Triangle Wave Generator

Thread Starter


Joined May 1, 2020

Currently, I am working on designing a class D amp and started with the triangle wave generator.
I have built the following circuit:


Right now it seems to work and generates a decent triangle wave, but the problem is if I lower or increase the voltage the wave falls apart. Is that normal behaviour or could the circuit be improved? If so how, and why it is better that way.

Also, are these op-amps suited? I know these are high frequencies but these were the best I had around.

Thanks for your time.


Joined Jul 11, 2016
? try R3 C1 : 120 1n -> 1k2 100p
? set 1k:1k as op amp follower (Fig.3 Fig.4 offset trim) offset is dependent on the supply voltage ← if you change it you need to invent circuitry that adjusts for such (Fig.35 fig.36 same as prev.)
PS! -- you only need to trim the offset of the one op amp to match the other
your first op amp won't produce square-wave because of it's "moderate" slew rate
you need comparator or digital inverter .... there unfortunately is thousands of ways to set up such circuit . . . so you need to make one that meets all your requirements
↓ this one has the "warm-up" time of 1ms ↓
Op-Amp - 3-wave - TEST - 10.gif
Last edited:


Joined Aug 1, 2013
Without some feedback, the DC operating point of the output of the circuit in post #2 will drift over time until the output saturates.
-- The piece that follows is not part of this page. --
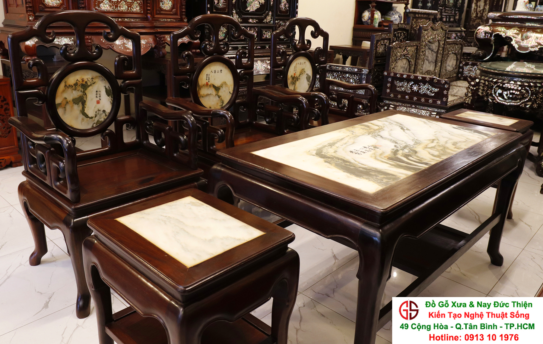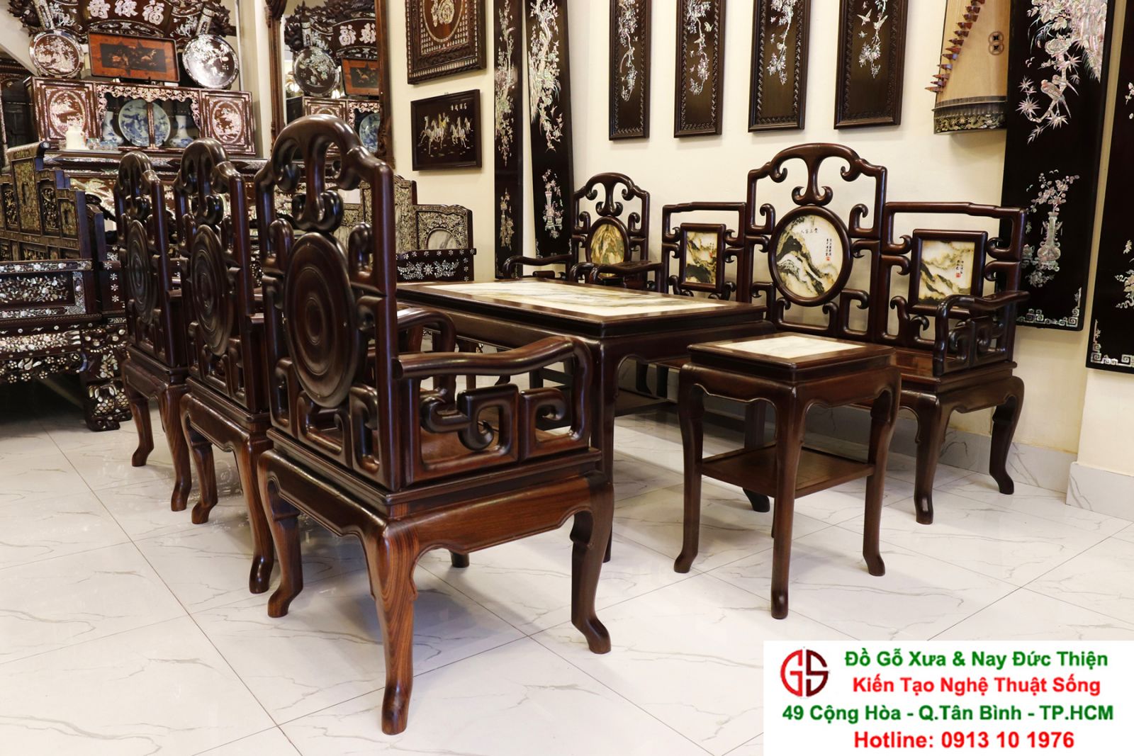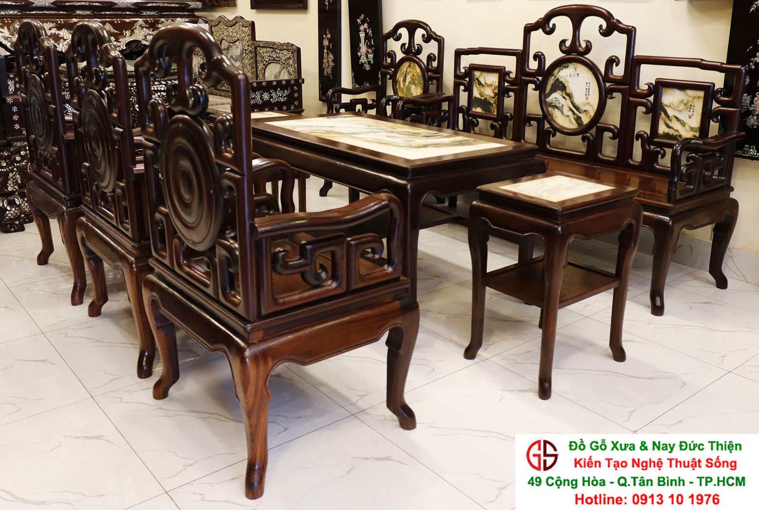 - Bàn ghế Louis, đôn trống gỗ trắc, bộ bàn ăn cẩn ốc, bàn ghế phương kỷ, bàn trung đường cẩn ốc xà cừ

In the circuit in post #1, R5 is too small with respect to R4. The ratio of these two sets the output amplitude. As is, the output amplitude is so large that there is zero operating headroom. To start, increase R5 to 10K and see if things are better for you.



Joined Mar 2, 2015
Also, are these op-amps suited?
They'll function, but are not ideally suited for this job (specifically, for U1 in your diagram). As @Audioguru again noted, the OPA27 has input protection diodes that will affect the operation of your circuit in "funny" ways.

This op amp, and others of its kind such as the OP177, OP277, LT1007/LT1037 and many others, have diode clamps connected across their (+) and (-) inputs to protect the differential input stage transistors from excessive reverse base-emitter voltage, as shown in the op amp internal schematic in the data sheet:

OPA27 Schematic.png
One effect of these diodes is that they restrict the maximum differential voltage that can be applied between the inputs without causing damage to the op amp, as reflected in the Absolute Maximum Ratings section of the data sheet:

OPA27 Ratings.png
So long as the surrounding circuitry limits the input current to ± 25 mA or less no damage will result, but another effect comes into play: if either of the diodes becomes forward biased, any current flowing into either input will also flow out of the other input. In circuits using positive feedback to create a comparator with hysteresis, such as your U1, this can mess up the operation of the circuit if you're not careful.

In your case the feedback current flowing through R4 into the op amp's (+) input will flow back out the (-) input into your R1-R2 voltage divider that's providing bias voltage for the circuit. That current is in the form of a square wave of roughly 1 mA peak-to-peak amplitude and will cause your bias voltage to bounce up and down by about 500 mVp-p due to the non-zero impedance of the voltage divider. That square wave voltage will then get superimposed on U2's triangle wave output, which might (or might not) be undesirable.

If that's a problem and you want to get rid of it, pick a different op amp for U1, one that does not have that particular input structure and which can withstand large differential input voltages.

'Tis oft said that in electronics, "the Devil is in the details." And this input protection diode issue is one of those details that can trip you up.

Always consult the data sheet. Always observe the Absolute Maximum Ratings and the performance parameters of the part to look for "gotchas."


Joined Mar 2, 2015
In the circuit in post #1, R5 is too small with respect to R4. The ratio of these two sets the output amplitude. As is, the output amplitude is so large that there is zero operating headroom.
The effect of the R4/R5 ratio is actually the opposite of that: having a small value for R5 reduces the amplitude of the triangle wave output, since it takes less output voltage to overcome the hysteresis feedback through R4 than it would if the two resistors were equal.